*** Entries provided Section Begins ***

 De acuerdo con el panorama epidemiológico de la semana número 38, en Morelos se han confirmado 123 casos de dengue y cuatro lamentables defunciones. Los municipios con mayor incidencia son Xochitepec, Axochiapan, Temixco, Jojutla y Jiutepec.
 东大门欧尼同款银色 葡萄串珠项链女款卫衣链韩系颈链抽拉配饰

*** Entries provided Section Ends ***
*** Entries provided Section Begins ***

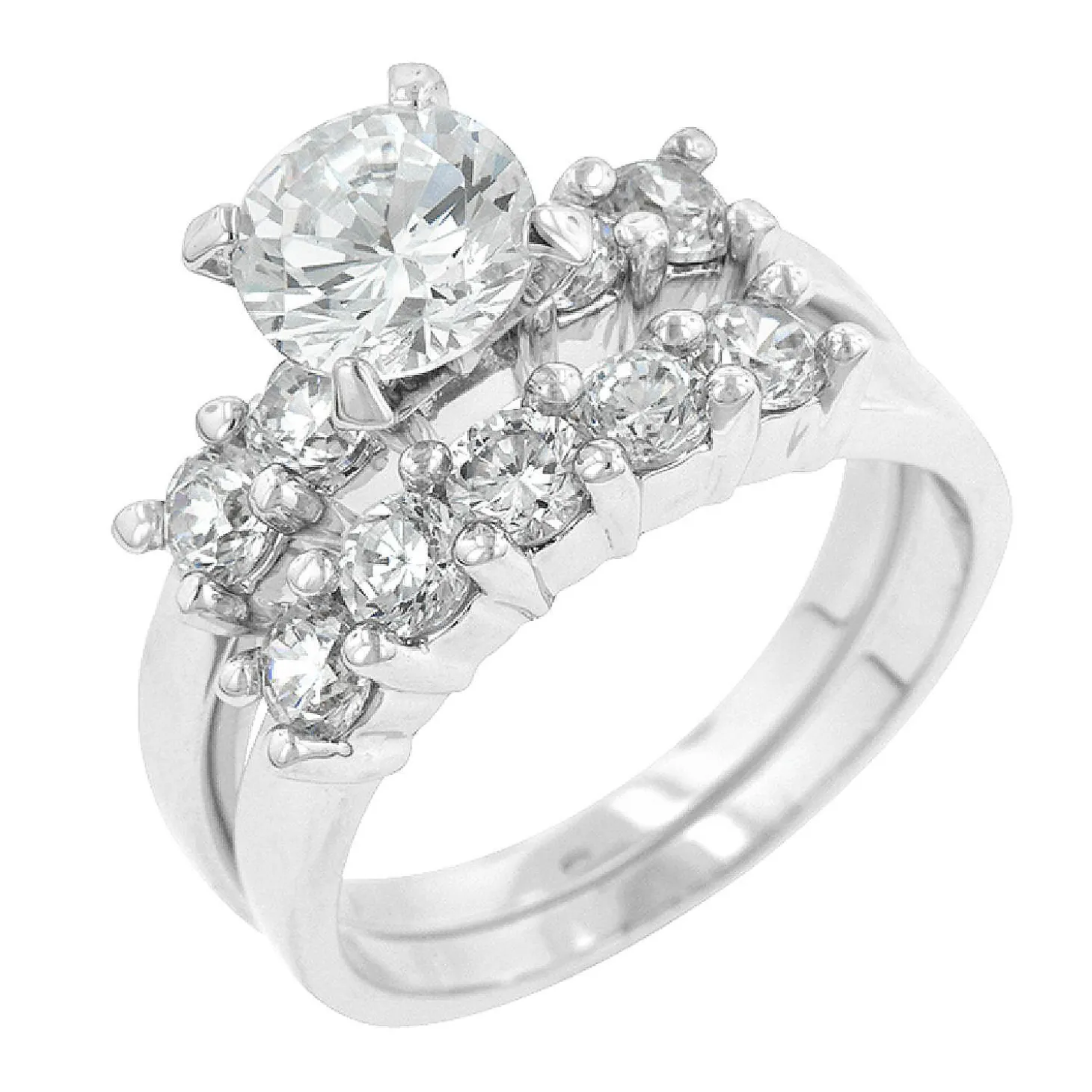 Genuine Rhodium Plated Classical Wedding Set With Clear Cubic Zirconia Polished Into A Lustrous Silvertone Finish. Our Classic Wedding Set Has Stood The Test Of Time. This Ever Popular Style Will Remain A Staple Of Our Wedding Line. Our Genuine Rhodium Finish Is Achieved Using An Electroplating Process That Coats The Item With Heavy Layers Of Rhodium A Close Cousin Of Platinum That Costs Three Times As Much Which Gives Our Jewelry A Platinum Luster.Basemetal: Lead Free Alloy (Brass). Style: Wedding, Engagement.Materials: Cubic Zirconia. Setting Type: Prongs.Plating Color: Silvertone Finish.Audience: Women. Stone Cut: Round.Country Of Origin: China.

*** Entries provided Section Ends ***

Directions.
Lines to set down from above: the line with "De acuerdo con", the line with "东大门欧尼同款银色 葡萄串珠项链女款卫衣链韩系颈链抽拉配饰", and every line between, each exactly as written.

Output for this task.
 De acuerdo con el panorama epidemiológico de la semana número 38, en Morelos se han confirmado 123 casos de dengue y cuatro lamentables defunciones. Los municipios con mayor incidencia son Xochitepec, Axochiapan, Temixco, Jojutla y Jiutepec.
 东大门欧尼同款银色 葡萄串珠项链女款卫衣链韩系颈链抽拉配饰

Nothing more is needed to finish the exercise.